## Overview
Bito is an AI coding assistant startup founded by Anas (CTO) and his co-founder Amar, both experienced tech entrepreneurs with backgrounds in large-scale systems. The company pivoted from a developer collaboration tool to an AI-powered coding assistant after recognizing the potential of GPT-3.5's reasoning capabilities. Their product operates as IDE extensions for Visual Studio Code and JetBrains, providing features like code explanation, code generation, test case generation, and AI-powered code understanding.
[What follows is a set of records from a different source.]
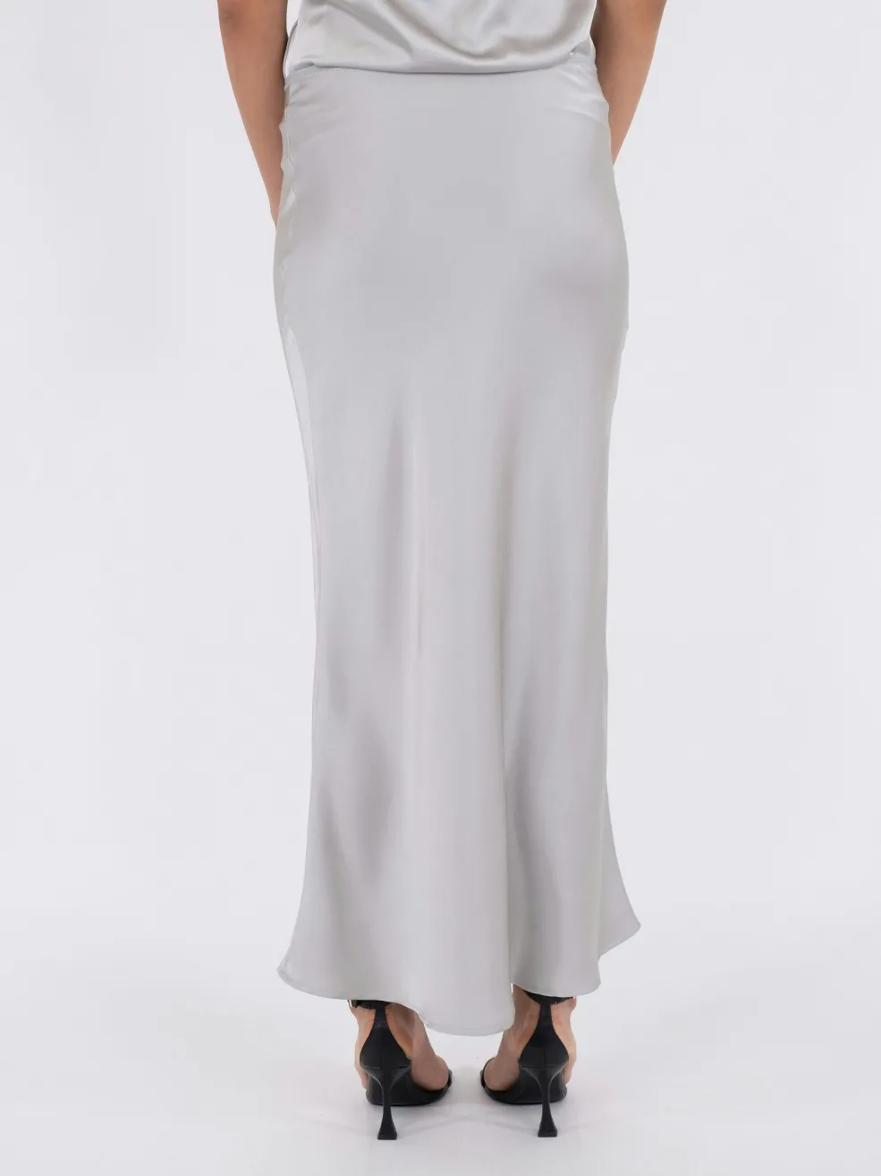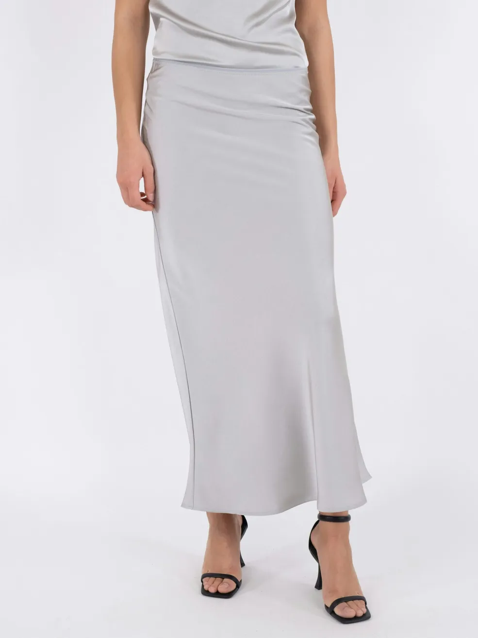 Lang sølvfarvet nederdel fra Neo Noir i blødt satin. Nederdelen har skrå snit og flæser, der giver bevægelse til designet. Den indvendige elastik i taljen sikrer en behagelig pasform.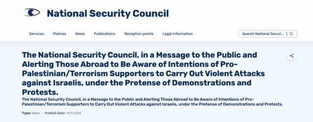 以色列国家安全委员会发布的国外旅行警告截图
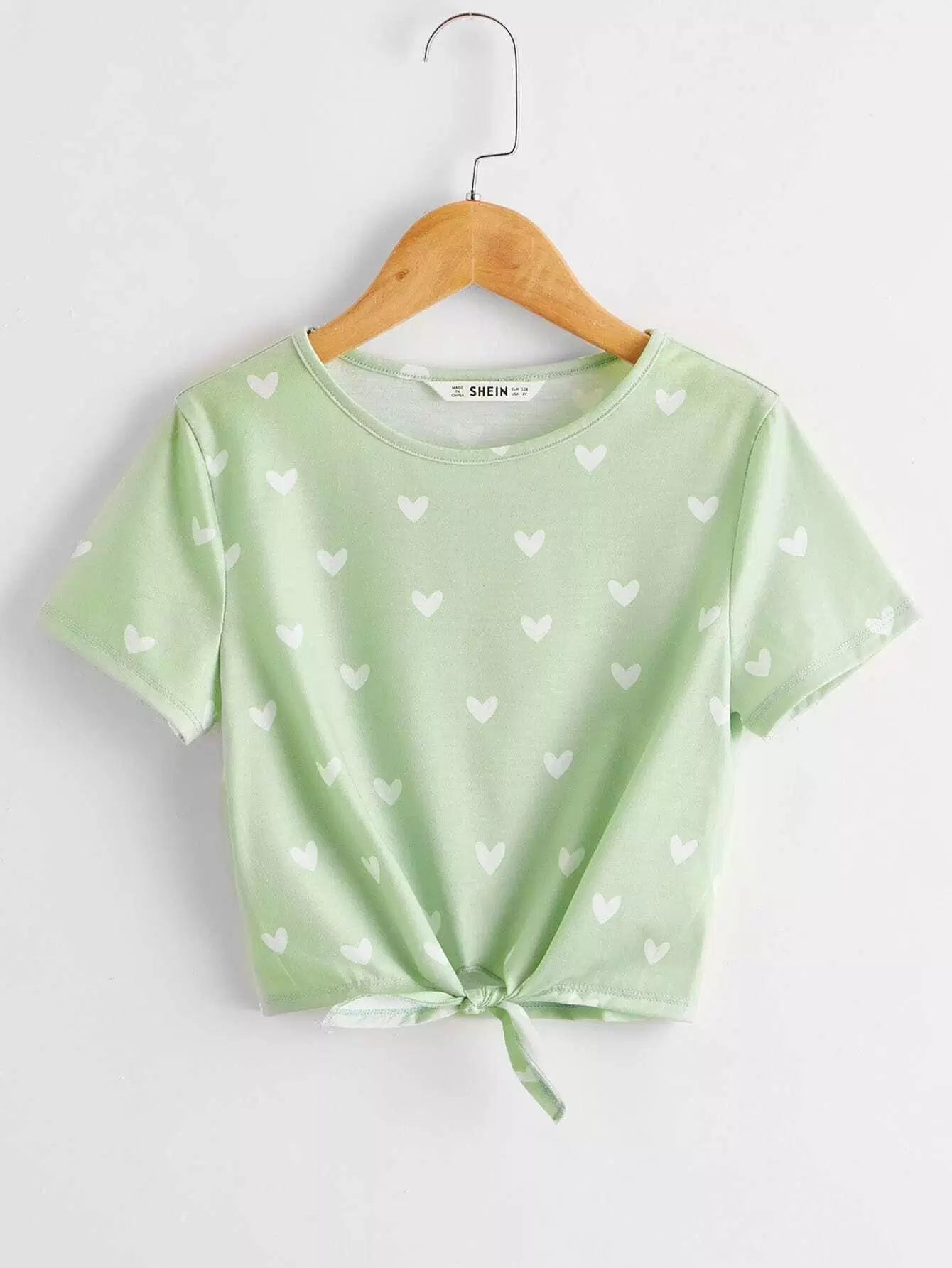 Girls Knot Hem Heart Print Tee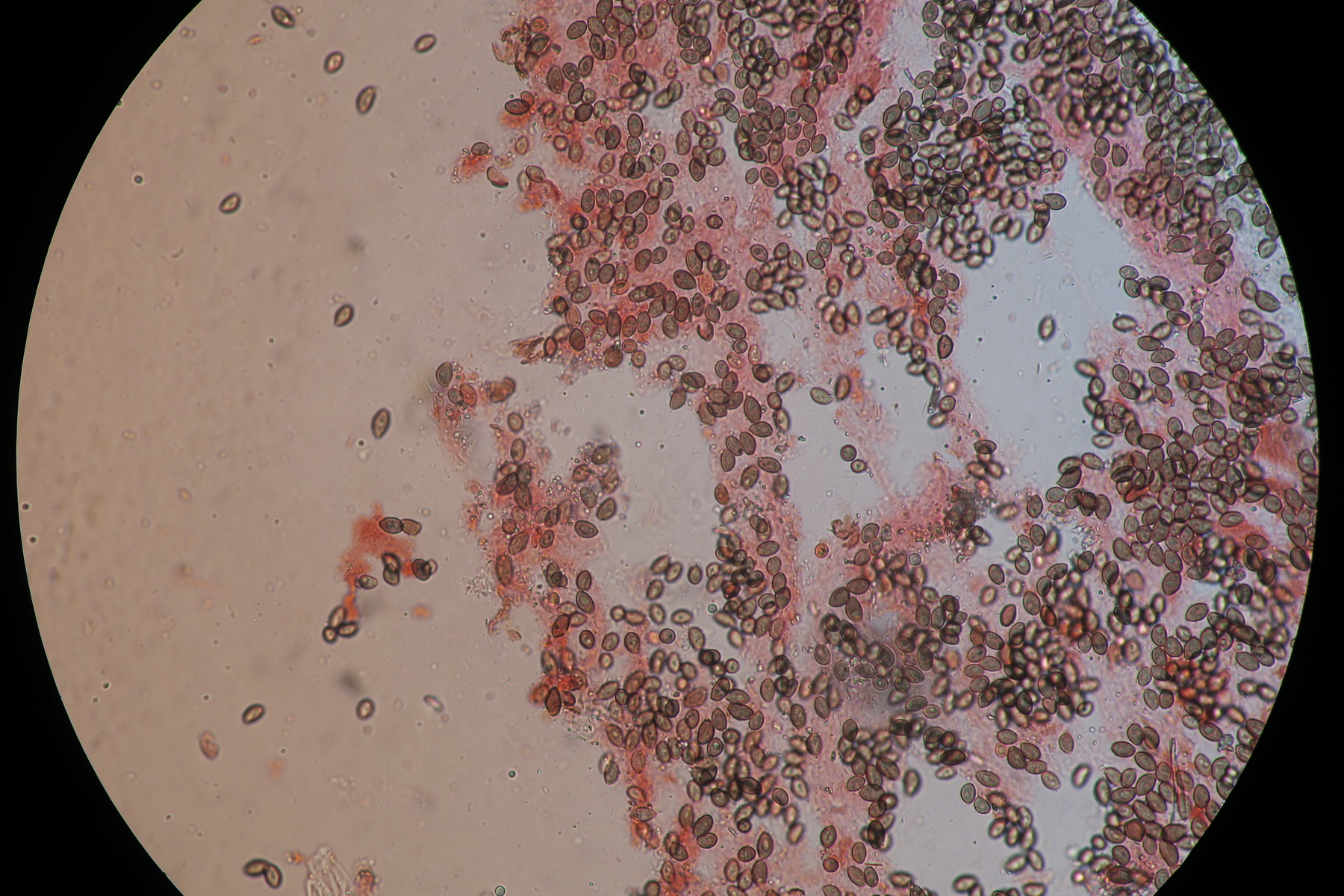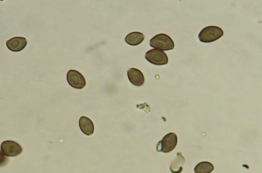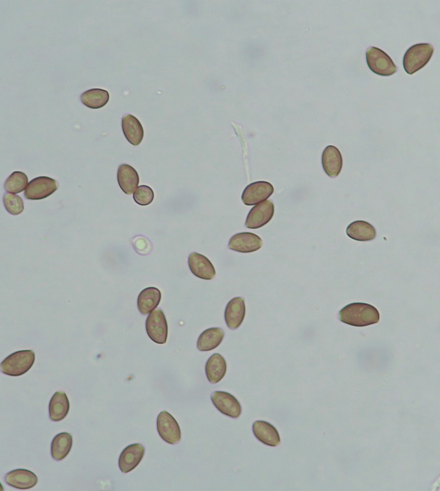 The spores are ovoid or almond shaped (depending the plane of view) with a distinct germpore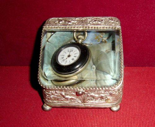 Porte-montre en forme de coffret, une glace biseautée, avec motifs de chasse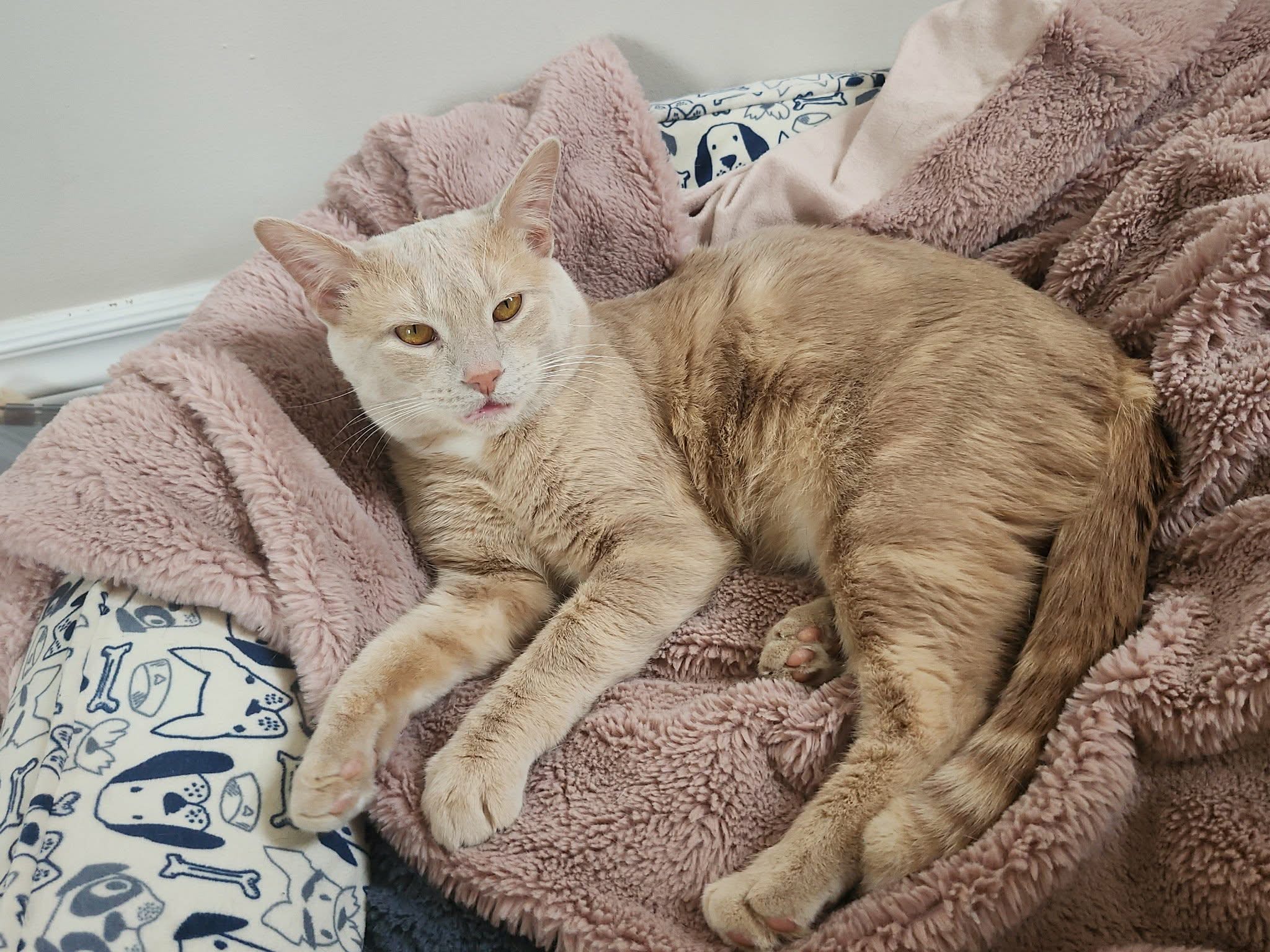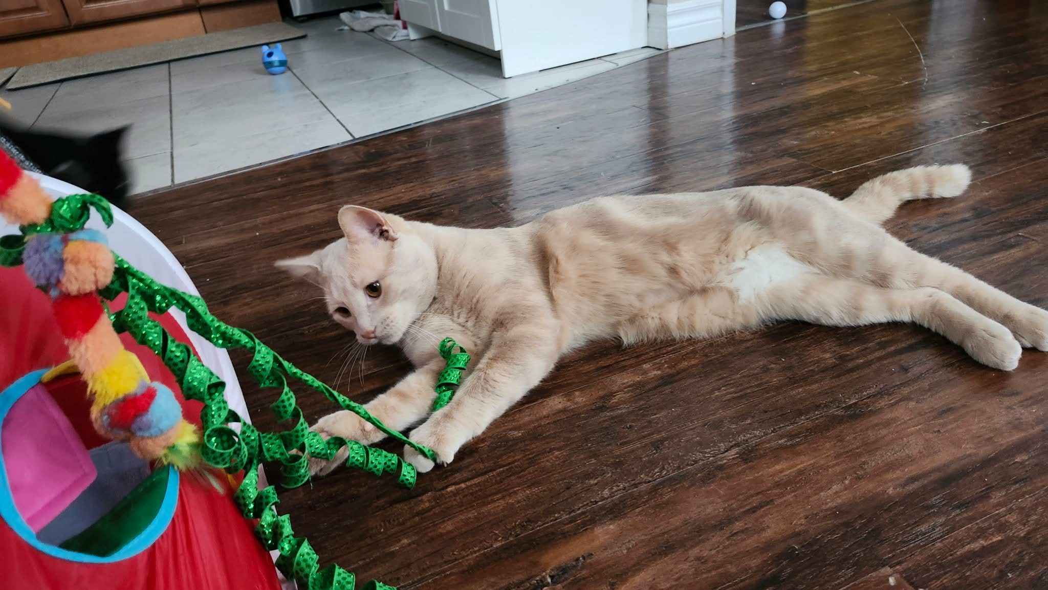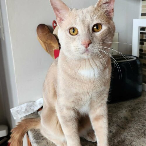 Meet Hartley! Hartley is a sweet & gentle buff tabby. He likes to be pet and snuggles with his foster mom at bed time. Hartley loves his cat toys and needs to be with another gentle cat. He is good with the child in his foster home. Hartley will be shy at first and will likely hide for the first few days. Even when he hid for the first few days at his foster home, he allowed pets and was always gentle. Hartley makes cute cat noises. He likes to have places to jump up on - he sometimes hangs out on top of the fridge or on top of the kitchen cabinets. He would probably enjoy having a cat tree.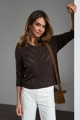 Delicate sweater made of cotton yarn. Soft, pleasant to the body, stretches well. Straight silhouette. Comfortable dropped shoulder line. At the bottom of the product and on the sleeves - elastic cuffs. The sweater is decorated with an elegant pattern. Length 56 cm (+- 2 cm). Width in a calm unstretched state 49-54 cm., in a stretched state 55-60 cm. Shoulder width 17-19 cm. Sleeve length 51-52 cm. Sleeve width at the bottom 9-10 cm. Cuff height 3 cm. Neck depth 15-16 cm. size: 42-46 composition: cotton 80%, viscose 20%. colors: chocolate, coral, lemon, milk

This case study, shared through a podcast interview with Anas, offers a transparent look at the operational challenges of running LLM-powered applications at scale, particularly around rate limiting, multi-model orchestration, prompt management, and evaluation.
## The Scale Problem: Rate Limits and Multi-Model Architecture
One of the most significant operational challenges Bito faced was hitting TPM (tokens per minute) and RPM (requests per minute) limits across LLM providers. Starting with a single OpenAI account, they quickly encountered rate limiting issues as usage grew. Even after requesting limit increases from OpenAI, they found themselves at maximum allocations that still couldn't handle their traffic.
Their solution was to build a custom multiplexer and load balancer that routes requests across multiple providers and accounts:
- **Multiple OpenAI accounts**: Managing different TPM/RPM limits across accounts
- **Azure OpenAI**: Provides OpenAI models within Azure's infrastructure
- **Anthropic**: Both Claude Instant (faster, cheaper) and Claude 2 (slower, more accurate)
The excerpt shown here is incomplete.